For children three years of age and older, federal education law identifies thirteen categories of disabilities that qualify children for special education:

  1. Mental retardation .... a condition in which a person has trouble learning, absorbing, and practicing everyday skills, which delays them from being able to take care of themselves and interact with others,
  2. Specific learning disabilities .... obstacles to the learning process that hinder a person’s full ability to be educated. These disabilities still allow the person to learn, he/she just has to find alternate ways to do this.
  3. Serious emotional disturbance .... that persists over a long period of time and adversely affects the child's educational performance.
  4. Visual impairment ... limited visual perception that, even with correction, has a negative effect on a child's ability to learn
  5. Deafness .... a hearing impairment that is so severe that the child is impaired in understanding speech.
  6. Hearing impairment ... an impairment in hearing, that affects a child's educational performance but that is not included under the definition of deafness
  7. Speech or language impairment ... There are a number of communication disorders, ranging from sound substitution or inability to produce certain sounds to the inability to understand language or produce speech that can be understood.

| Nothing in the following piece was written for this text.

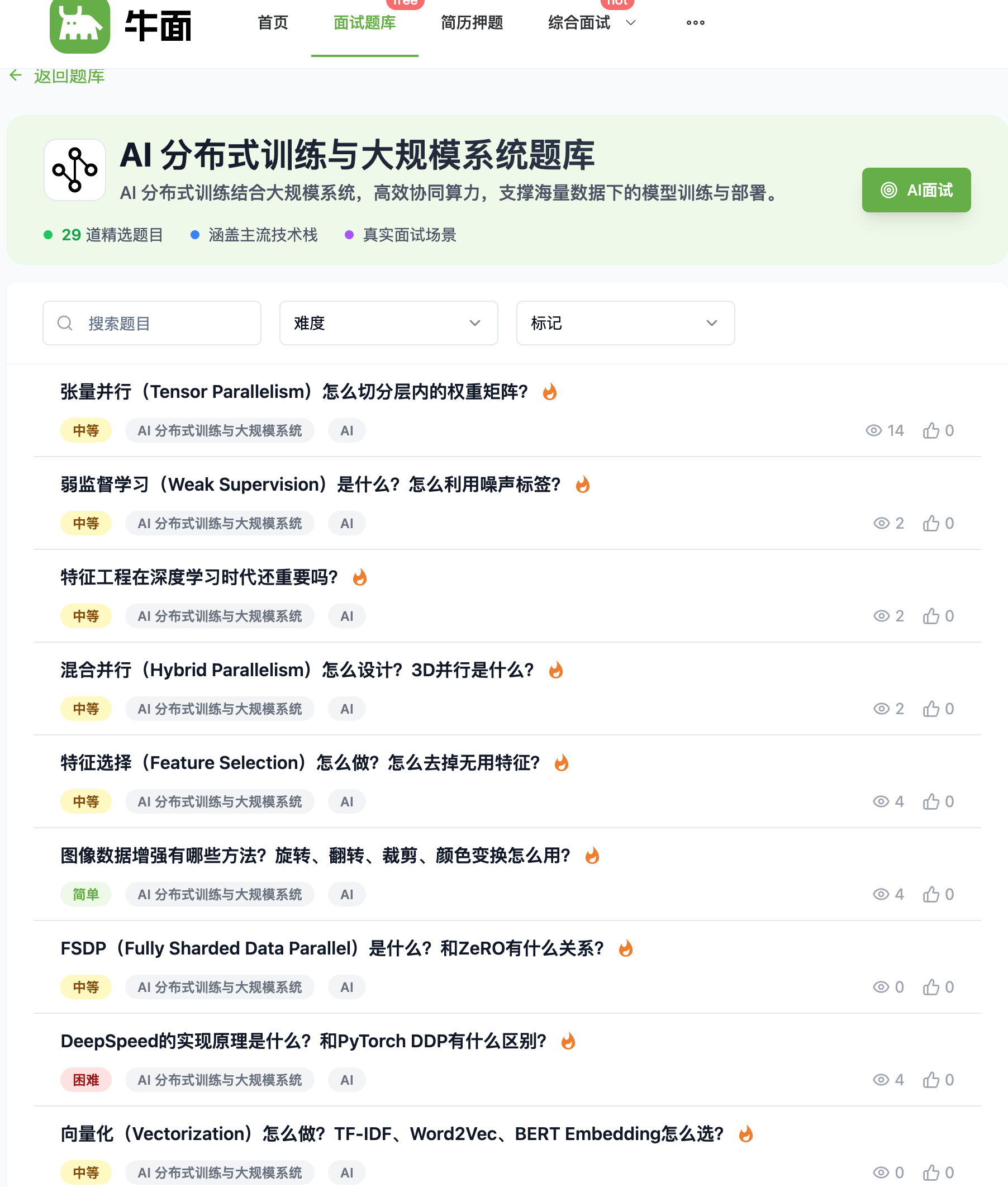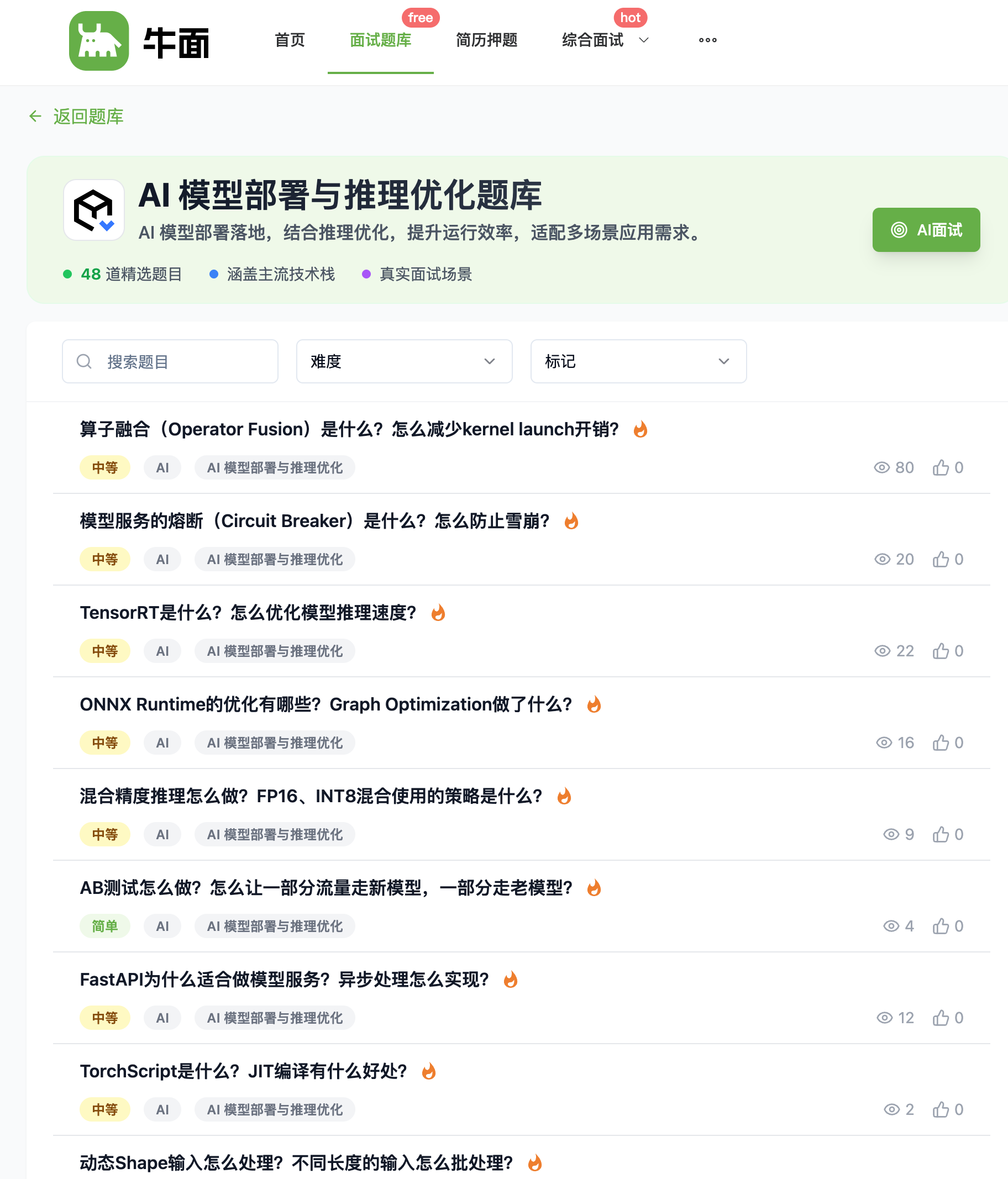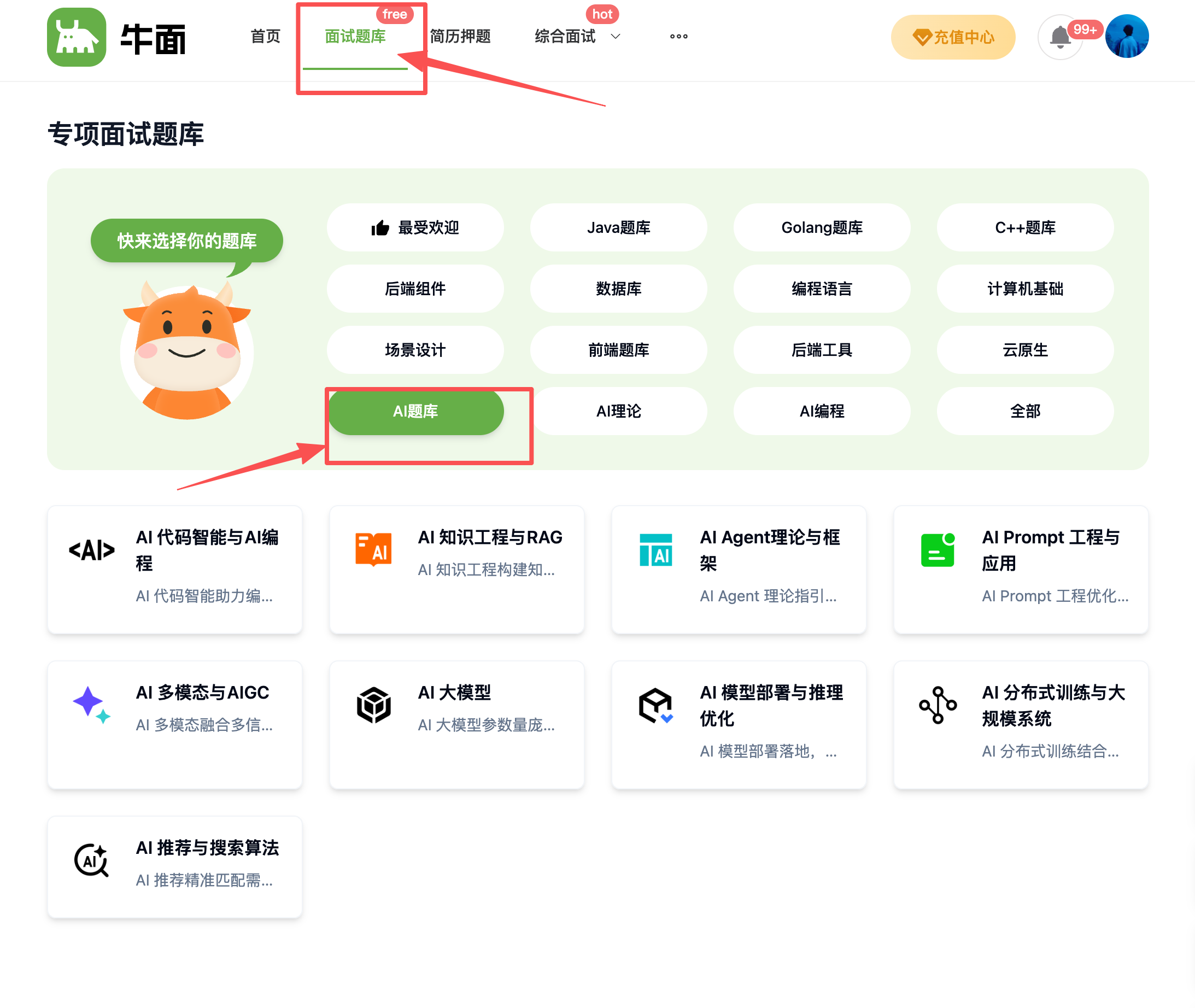 访问「niumianoffer.com (opens new window)」可以免费获取,顶部菜单选择【面试题库】,然后选择【AI题库】

  8. Multiple disabilities ... a combination of disabilities, such as mental retardation and orthopedic impairment, that cannot be served in programs for either individual disability alone.
  9. Autism .... significantly affects the student's language, non-verbal communication and social interaction.
  10. Orthopedic impairment .... a physical impairment that affects the student's ability to learn, which may be present at birth or due to accident or disease.
  11. Traumatic brain injury ... an acquired brain injury, caused by external force, that causes physical, mental or social impairment.
  12. Other health impairments ... cover a variety of diseases and disorders. This refers to people who have limited strength, energy or alertness that affects their ability to learn in a normal classroom.
  13. Deaf-blindness ... a combination of hearing and visual impairments which causes such severe communication and other developmental and educational needs that they cannot be accommodated in special education programs solely for children with deafness or children with blindness.